Sirios Resources Inc.

MONTREAL, Nov. 13, 2024 (GLOBE NEWSWIRE) -- Sirios Resources Inc. (TSX-V: SOI; OTCQB: SIREF) (the "Corporation") announced the closing of the first tranche, for an aggregate gross proceed of $961,999, of its non-brokered private placement (the "Offering"), through the issuance of 13,742,843 common share of the capital of the Corporation (the "Shares") at a price of $0.07 per Share. The Shares were issued as "flow-through share" pursuant to section 66(15) of the Income Tax Act (Canada) and section 359.1 of the Taxation Act (Québec). The qualifying expenditures will be renounced in favour of the subscribers with an effective date no later than December 31, 2024.

The gross proceeds from the sale of the Shares will be used by the Corporation to incur eligible "Canadian exploration expenses" related to the Cheechoo property of the Corporation, located in Eeyou Istchee James Bay, in the province of Quebec. A diamond drill will be mobilized on the property next week in order to begin a drilling program.

In connection with the first tranche of the Offering, finder’s fees totaling $20,000 were paid to a non-arm’s length finder, Mine Equities Ltd. In addition, finder’s fees totaling $16,000 were paid to arm’s length finders. Shares issued pursuant to this Offering are subject to a restricted hold period of four months and one day, ending on March 14, 2025, under applicable Canadian laws. The Offering and payments of finder’s fees are subject to the final approval of the TSX Venture Exchange (the "TSXV"). Depending on market conditions, the Corporation may decide to proceed with the closing of additional tranches of the Offering.

Under the Offering, a director of the Corporation has subscribed for a total of 285,700 Shares for a total consideration of $19,999, which constitutes a "related party transaction" within the meaning of Regulation 61-101 respecting Protection of Minority Security Holders in Special Transactions ("Regulation 61-101") and TSXV Policy 5.9 – Protection of Minority Security Holders in Special Transactions.
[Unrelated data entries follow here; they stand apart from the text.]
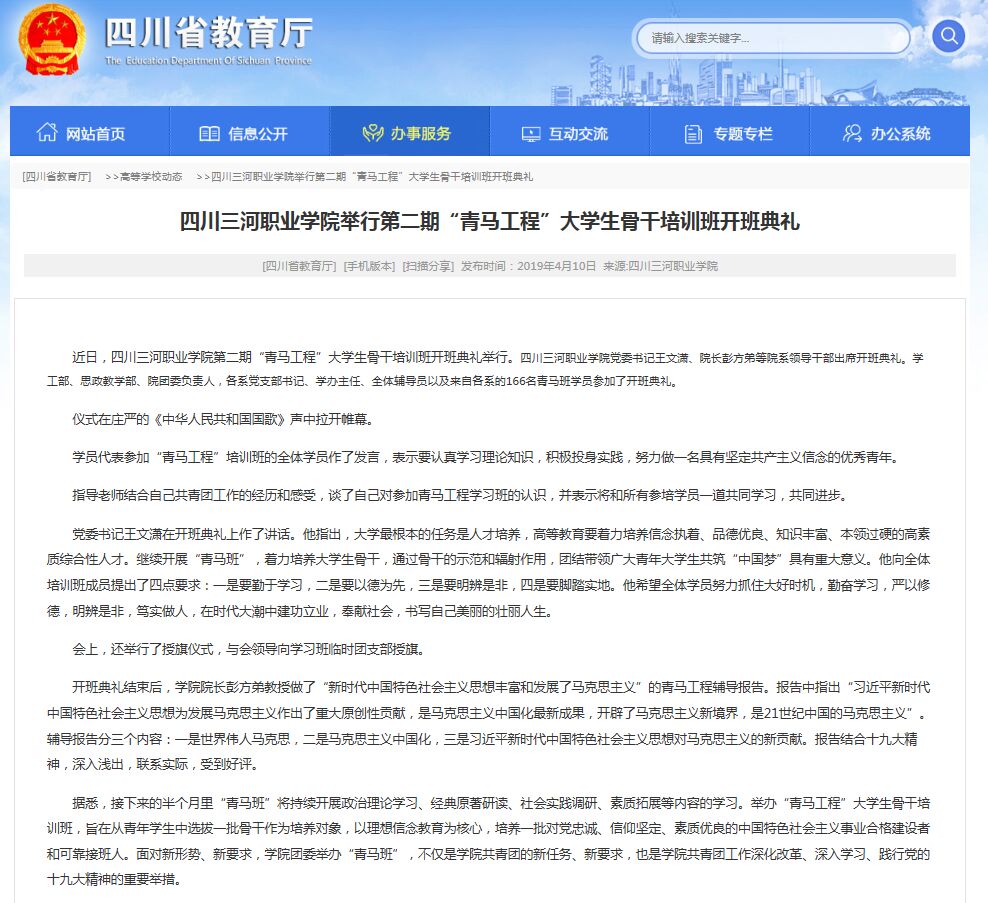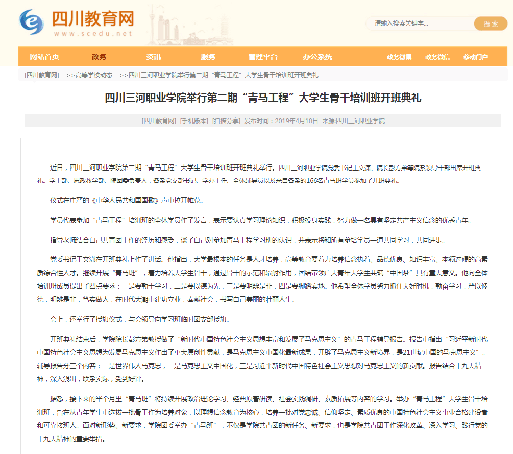 四川教育网:四川三河职业学院举行第二期“青马工程”大学生骨干培训班开班典礼
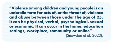 Violence among children and young people (CYP) is a complex societal issue that has detrimental impacts on the health and well-being of our population across the life-course. Those experiencing violence can suffer long-term consequences to their physical, mental, and social well-being (Krug et al., 2002). Preventing violence before it occurs and developing effective response strategies can improve the health and well-being of individuals and communities, and have a wider positive impact on the economy and society (World Health Organization, 2021).
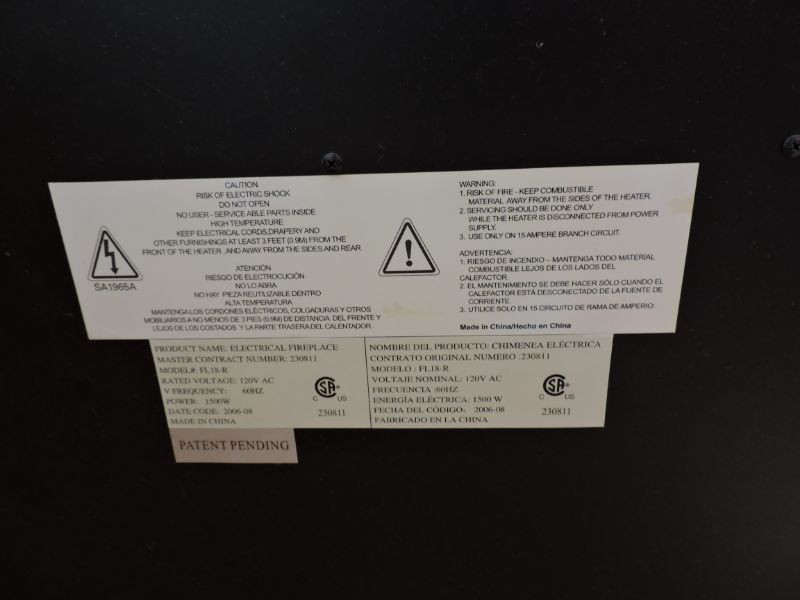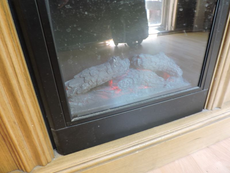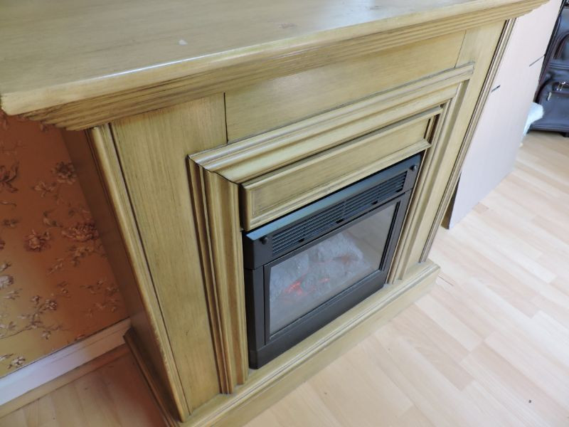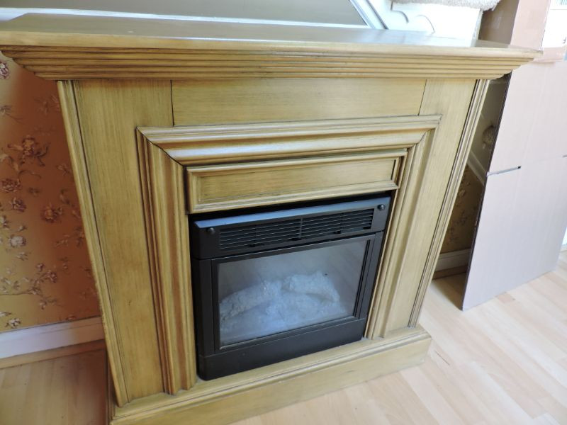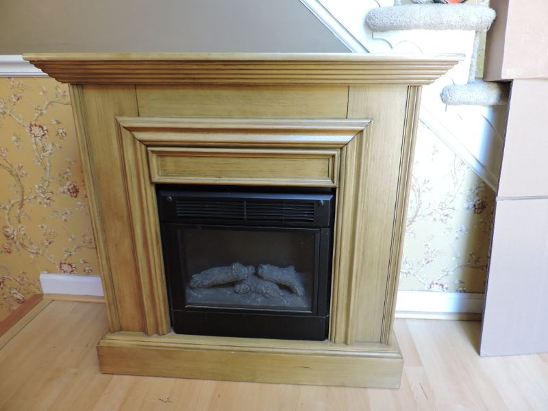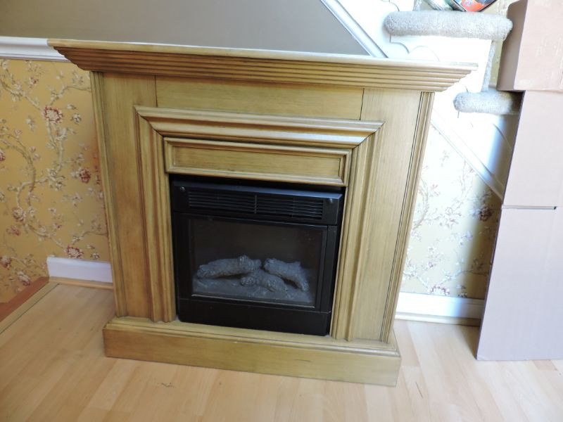 Wood-grain Sunbeam Electric Fireplace Model #FL18-R - 120VAC, 1500W, 60hz. 37”x36”x13.5”
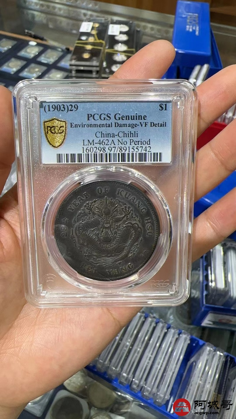 Lot:1593 1903光绪二十九年北洋造光绪元宝库平七钱二分银币一枚,原味黑美人 PCGS VF97评级编号:89155742
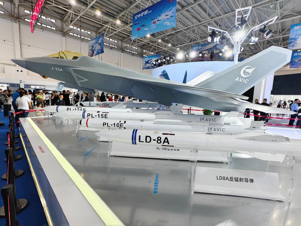 雷电-8A为外贸弹,摆在雷电-8A后面的霹雳-10E、霹雳-15E也是外贸弹,虽然说歼-35A本身也是考虑外贸的战斗机,和外贸弹摆在一起是很正常的。但歼-35A和反辐射导弹摆在一起就很不正常了,
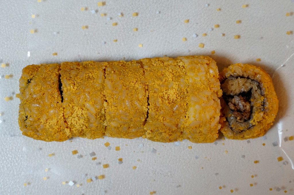2018(平成30)年7月に発売。松阪牛の焼肉を芯に、タレ御飯と海苔を二重に巻き、玉子そぼろをまとわせた細身の太巻きが1本、金銀のフィルムに巻かれて金色の紙容器に収められる。飯も肉も玉子も、なかなか甘い味付け。類例を思い当たらない不思議な商品に思えた。価格は2018年の発売時で1,000円、2020年の購入時で1,080円、2022年時点で1,100円、2023年時点で1,150円。2024年までの販売か。
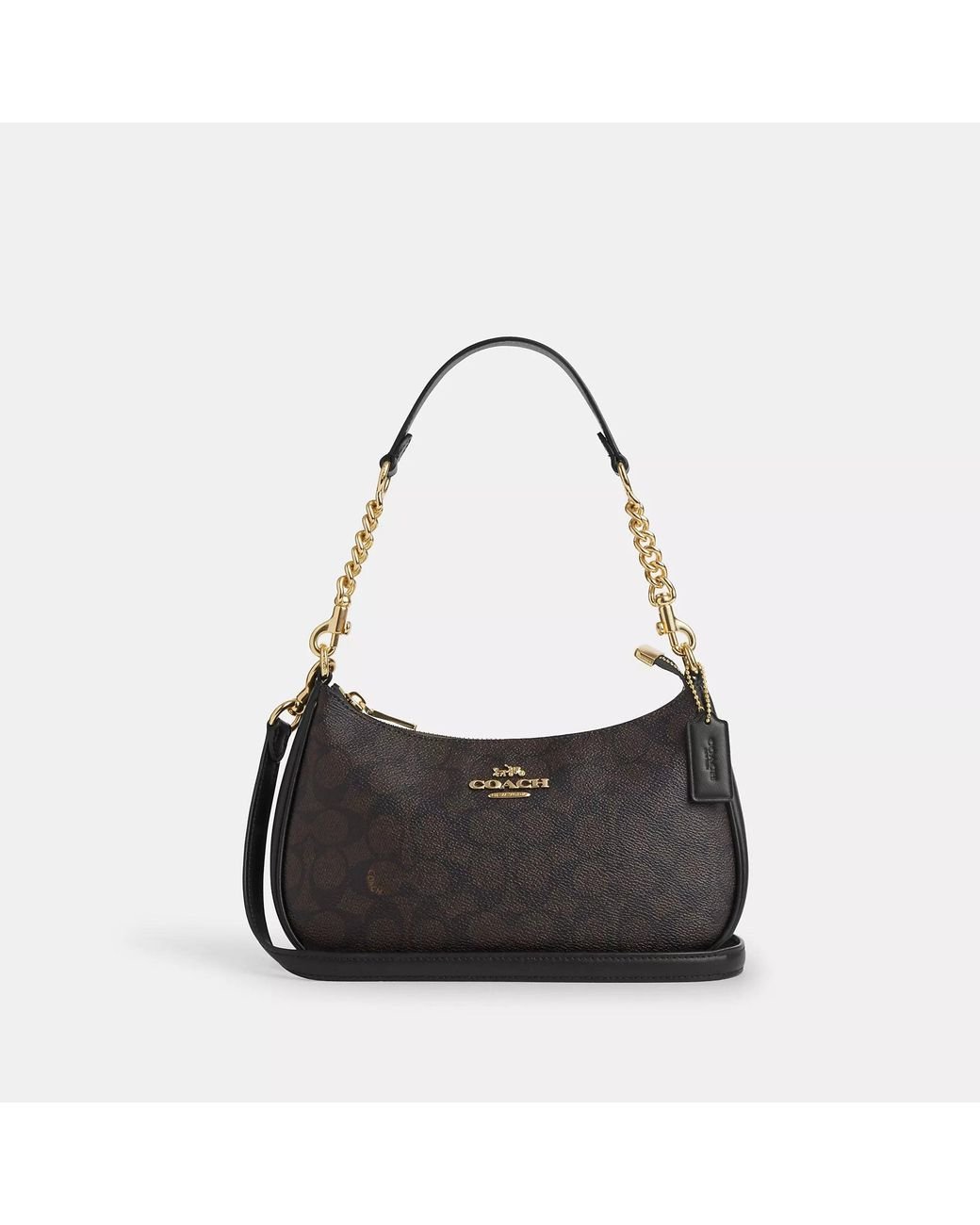 Signature coated canvas Inside multifunction pocket Zip-top closure fabric lining Detachable handle with 8 1/2 drop Detachable strap with 22 3/4 drop for shoulder or crossbody wear 9 1/2 (L) x 6 (H) x 3 (W) Style No. CV933 Coach Outlet Teri Shoulder Bag In Signature Canvas - White, Size - Medium Color: black
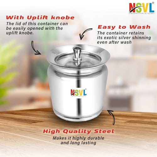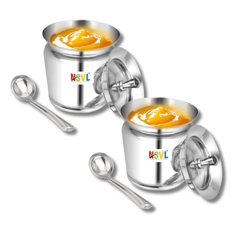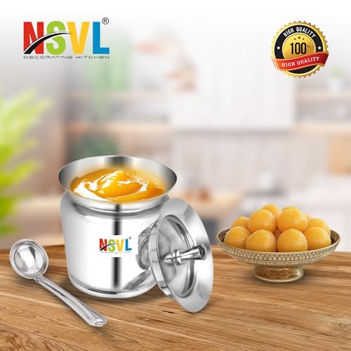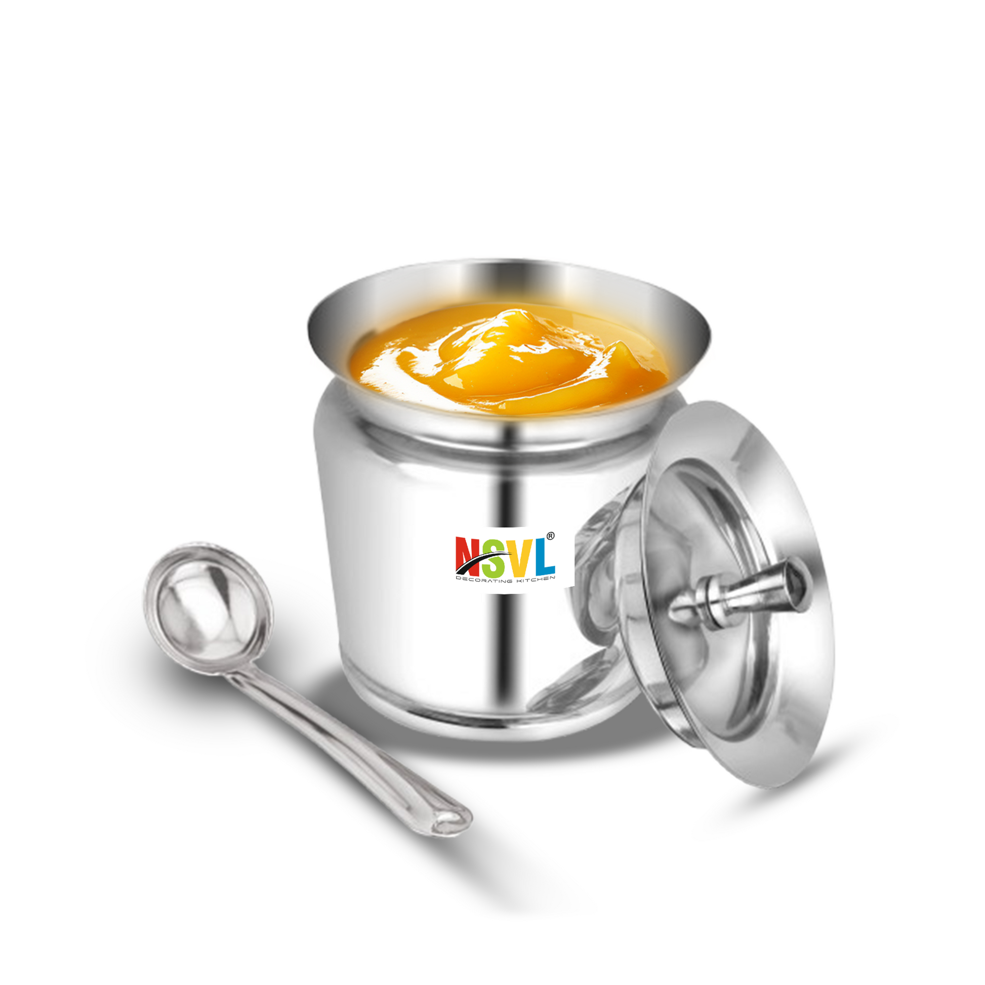 NSVL Stainless Steel Ghee Pot – Premium Storage for Pure Ghee Discover the perfect blend of elegance, durability, and functionality with the NSVL Stainless Steel Ghee Pot – designed to keep your ghee fresh, safe, and easily accessible. Whether you're an everyday cook or an Ayurvedic enthusiast, this ghee pot is a must-have for your kitchen. Premium Quality Stainless Steel Crafted from food-grade, rust-resistant stainless steel, this ghee pot ensures long-lasting durability and resistance to stains and odors. The high-quality material preserves the purity of your ghee, preventing contamination while maintaining its rich flavor and nutritional benefits. Airtight & Leak-Proof Design The NSVL Ghee Pot features a secure, airtight lid that keeps your ghee fresh for longer, protecting it from external contaminants and moisture. The leak-proof seal prevents any spills, making it easy to store and transport your ghee without worry. Easy-Pour Spout for Convenient Use Say goodbye to mess and waste! The built-in spout ensures smooth, controlled pouring, allowing you to use just the right amount of ghee with ease. No more spills or dripping – just precise pouring every time. Ergonomic Handle for Effortless Handling Designed with an ergonomic handle, this ghee pot offers a comfortable grip for easy lifting, pouring, and handling. Whether you're in the kitchen or serving ghee at the table, the handle provides added convenience and control. Elegant & Modern Design With its sleek and polished finish, the NSVL Stainless Steel Ghee Pot adds a touch of sophistication to your kitchen. The minimalist design fits seamlessly with both traditional and contemporary kitchen aesthetics, making it an attractive and practical addition to your cookware. Perfect for Ghee, Oils, and More While ideal for storing ghee, this versatile pot can also be used to store other oils, honey, syrups, or even spices. Its multi-purpose functionality makes it a great all-rounder for kitchen storage. Ideal for Ayurvedic and Traditional Cooking For those who practice Ayurveda or traditional Indian cooking, the NSVL Stainless Steel Ghee Pot is an essential tool. It helps preserve the integrity of ghee, which is often considered sacred and is a vital component in many health-conscious and spiritual practices.

However, the directors of the Corporation who voted in favour of the Offering have determined that the exemptions from formal valuation and minority approval requirements provided for respectively under subsections 5.5(a) and 5.7(1)(a) of Regulation 61-101 can be relied on as neither the fair market value of the Shares issued to this insider, nor the fair market value of the consideration paid exceeded 25% of the Corporation’s market capitalization. None of the Corporation’s directors have expressed any contrary views or disagreements with respect to the foregoing. A material change report in respect of this related party transaction will be filed by the Corporation but could not be filed earlier than 21 days prior to the closing of the Offering, due to the fact that the terms of the participation of each of the non-related parties and the related parties of the Offering were not confirmed.